--- THE TASK ---
For the records below, please print exactly and only the lines from the one with "Atrauliya (10 km)" down to the one with "Das folgende Listing", both ends included, omitting the pictures.

--- INPUT DATA ---
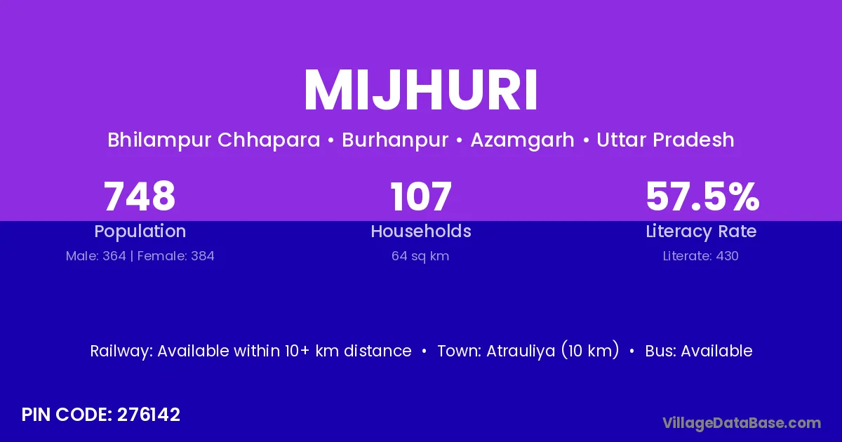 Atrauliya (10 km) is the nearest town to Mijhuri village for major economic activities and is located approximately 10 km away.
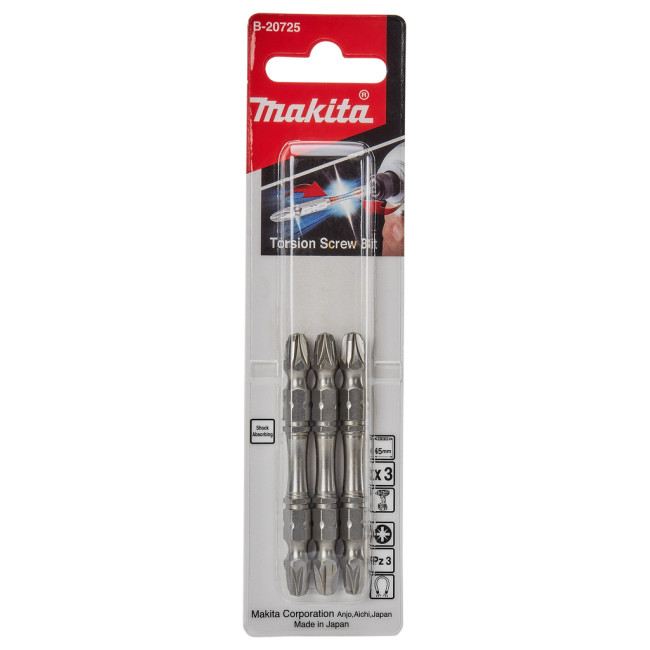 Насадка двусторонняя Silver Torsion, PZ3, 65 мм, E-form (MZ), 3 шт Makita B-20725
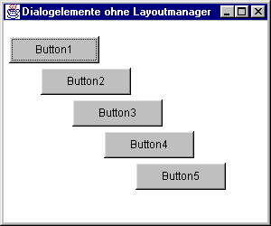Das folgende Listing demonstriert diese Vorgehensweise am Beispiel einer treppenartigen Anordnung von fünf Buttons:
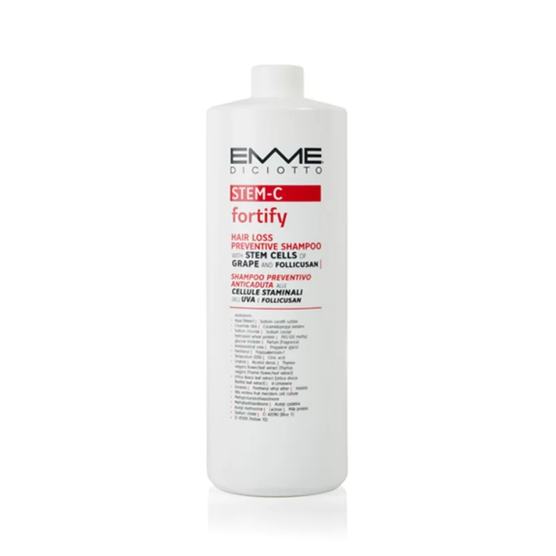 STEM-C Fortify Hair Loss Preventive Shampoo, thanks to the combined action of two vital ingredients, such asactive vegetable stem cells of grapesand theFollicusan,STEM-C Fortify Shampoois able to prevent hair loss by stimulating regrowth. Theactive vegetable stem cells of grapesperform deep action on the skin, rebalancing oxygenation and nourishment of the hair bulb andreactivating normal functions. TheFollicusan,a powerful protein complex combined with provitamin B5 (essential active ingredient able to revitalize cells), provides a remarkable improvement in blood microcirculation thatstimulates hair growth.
* * *
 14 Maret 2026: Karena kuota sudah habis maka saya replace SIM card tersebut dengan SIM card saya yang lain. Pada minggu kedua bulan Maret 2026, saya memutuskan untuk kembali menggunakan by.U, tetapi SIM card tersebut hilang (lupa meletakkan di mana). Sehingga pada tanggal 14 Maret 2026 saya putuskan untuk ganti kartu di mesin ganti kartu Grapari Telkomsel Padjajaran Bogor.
---
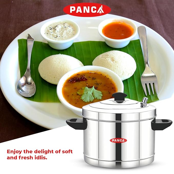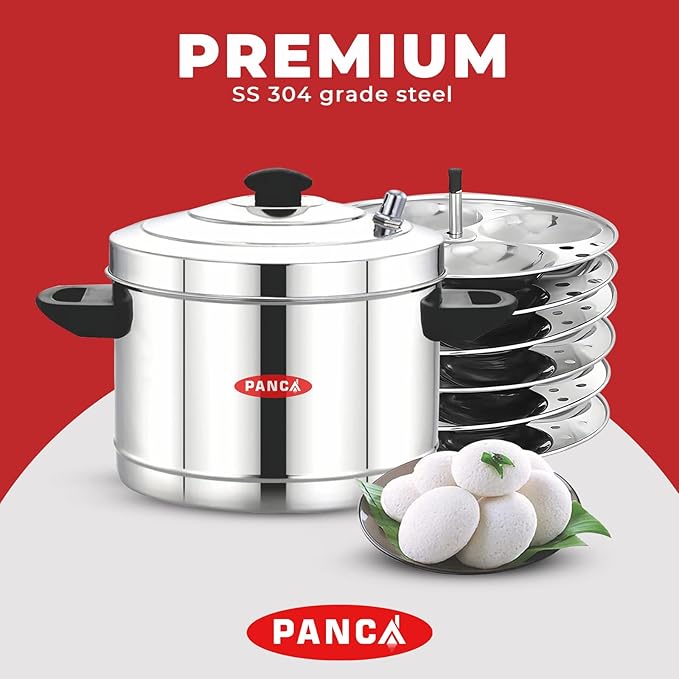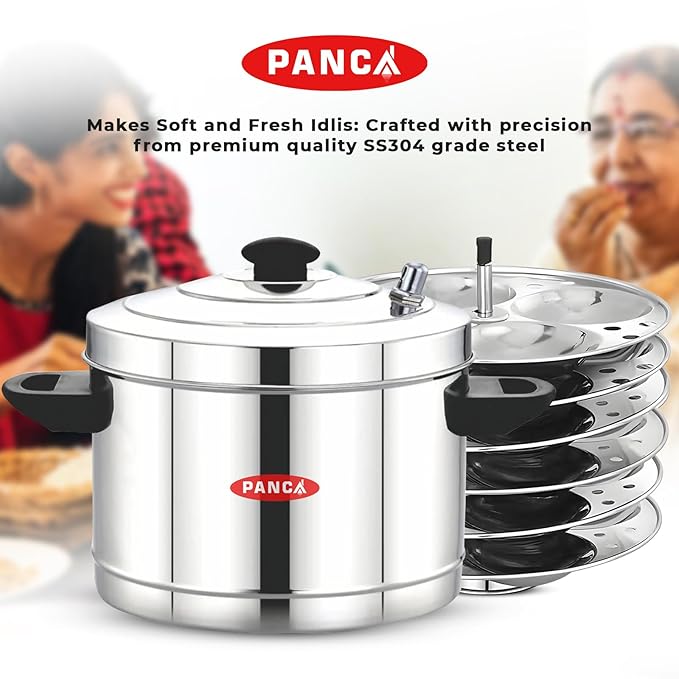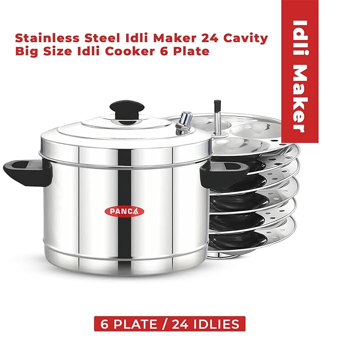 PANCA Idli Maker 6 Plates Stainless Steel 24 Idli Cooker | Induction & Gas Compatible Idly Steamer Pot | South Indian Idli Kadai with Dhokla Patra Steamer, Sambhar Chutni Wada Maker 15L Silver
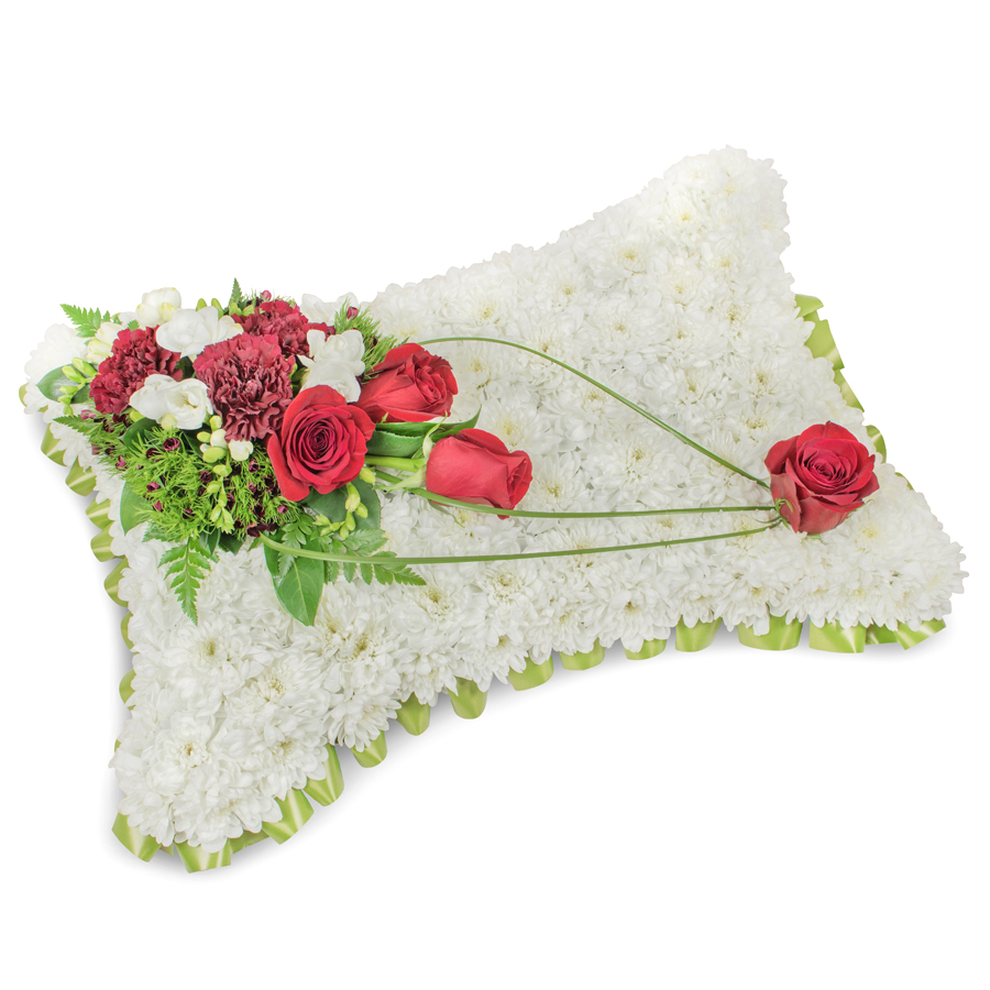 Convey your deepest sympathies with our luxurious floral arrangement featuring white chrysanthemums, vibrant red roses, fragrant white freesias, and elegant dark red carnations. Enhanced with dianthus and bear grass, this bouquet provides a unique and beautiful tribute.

--- RESULT FOR THIS TASK ---
 Atrauliya (10 km) is the nearest town to Mijhuri village for major economic activities and is located approximately 10 km away.
 Насадка двусторонняя Silver Torsion, PZ3, 65 мм, E-form (MZ), 3 шт Makita B-20725
Das folgende Listing demonstriert diese Vorgehensweise am Beispiel einer treppenartigen Anordnung von fünf Buttons:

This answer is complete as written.